The Directors' Report provides details of those shareholders with an
individual holding exceeding 3% of issued share capital.
15. RELATED PARTY DISCLOSURES
As well as remuneration of Directors (Note 5), the following transactions fall
within the scope of IAS 24 Related Party Disclosures.
During the year Sports Resource Group Limited, a company controlled by Chris
Akers who is a shareholder in Yolo Leisure and Technology Plc was paid
£160,000 (2016: £Nil) for corporate services. At the year end the Company owed
£Nil (2016: £Nil) to Sports Resource Group Limited.
16. Post Balance Sheet Events
TVPlayer - is raising further funds of £12m to invest further in technology,
marketing and some senior appointments. It has to date secured over £2m from
existing and new investors. YOLO has agreed to invest a further £50,000 in
TVPlayer via a convertible loan note as part of this fundraise.

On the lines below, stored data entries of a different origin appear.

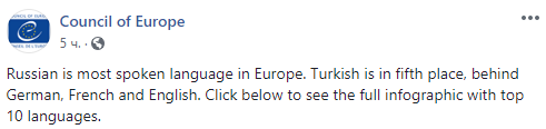 Русский, немецкий и французский - наиболее широко употребляемые языки среди населения Европы. Такие данные приводит Совет Европы в Facebook по случаю Европейского дня языков, который отмечают 26 сентября. Украинский же занял почетное 8 место.
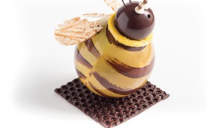 Cette année, l’Ecole Valrhona rend hommage à un chocolat emblématique de la Maison Valrhona, le Grand Cru Manjari 64%, pur origine de Madagascar. L’aspect général est un clin d’œil à la forêt de pierres de Tsingy, avec les cylindres de chocolat qui rappellent les « Kitsy », ces immenses et étroits couloirs de calcaire...
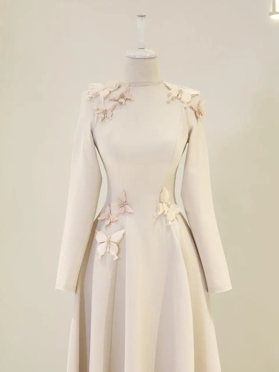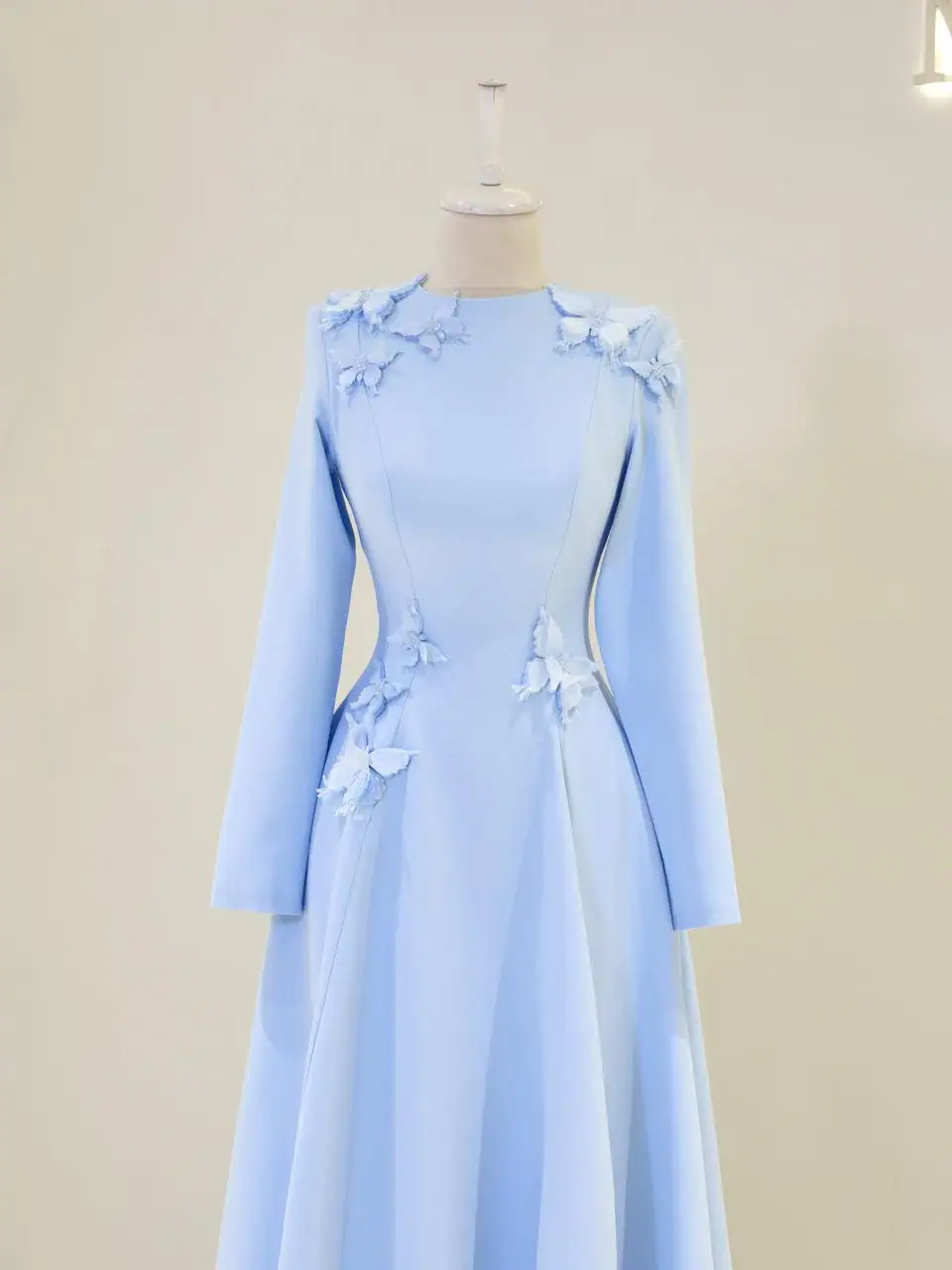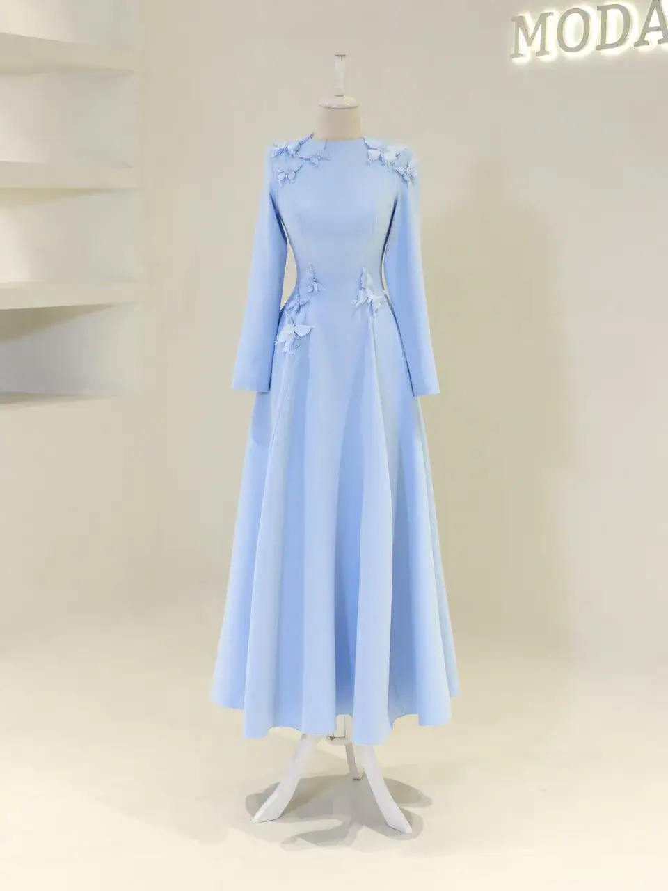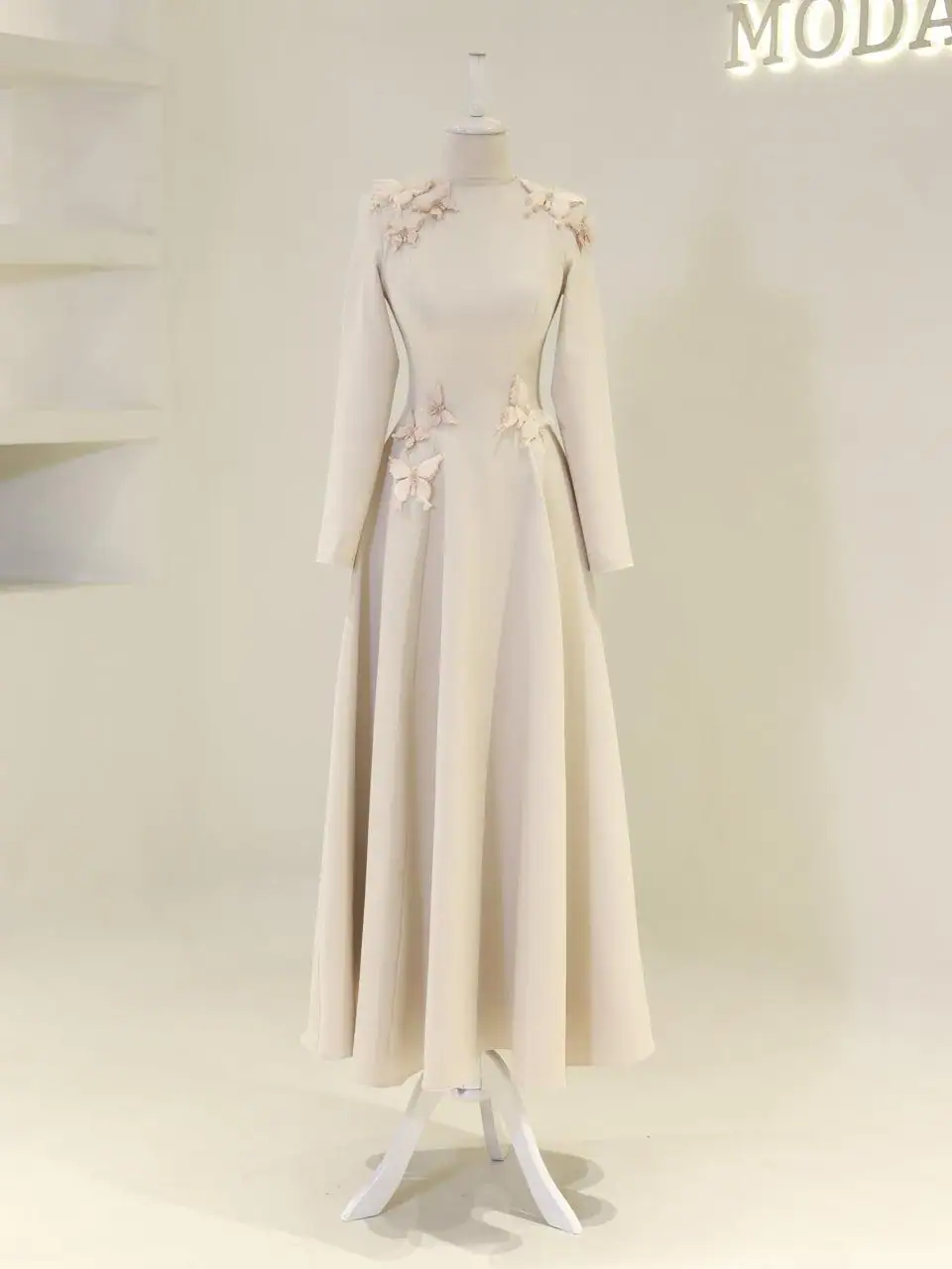 The Butterfly Modest Evening Dress is designed with precision to offer a perfect fit. Made from crepe fabric, this dress measures 145 cm in length and includes a lining for added comfort. It features a back zipper closure and built-in chest pads. The embellishments are three-dimensional and securely attached, ensuring durability. The dress is styled with an A-line skirt, providing a graceful silhouette.

Magic Media Works has secured commitments of £1.46m from existing and new
investors towards an intended £2 million new round of financing.
Henrik Holmark, previously the CFO of Pandora Jewellery, has invested £650,000
in this fund raise and will join the Magic board as a non-executive director.
YOLO has taken the strategic decision not to invest additional capital into
Magic. Further, as the largest shareholder in Magic, YOLO agreed to release
some of its shares in Magic and its anti-dilution rights to acquire additional
shares in Magic to new investors for nominal consideration in order to assist
Magic in completing the fund raise and so help it to achieve its goals and
potential. The board of Magic confirmed to YOLO that the provision of this
support by YOLO has been instrumental in allowing Magic to move forward to the
successful completion of this funding round.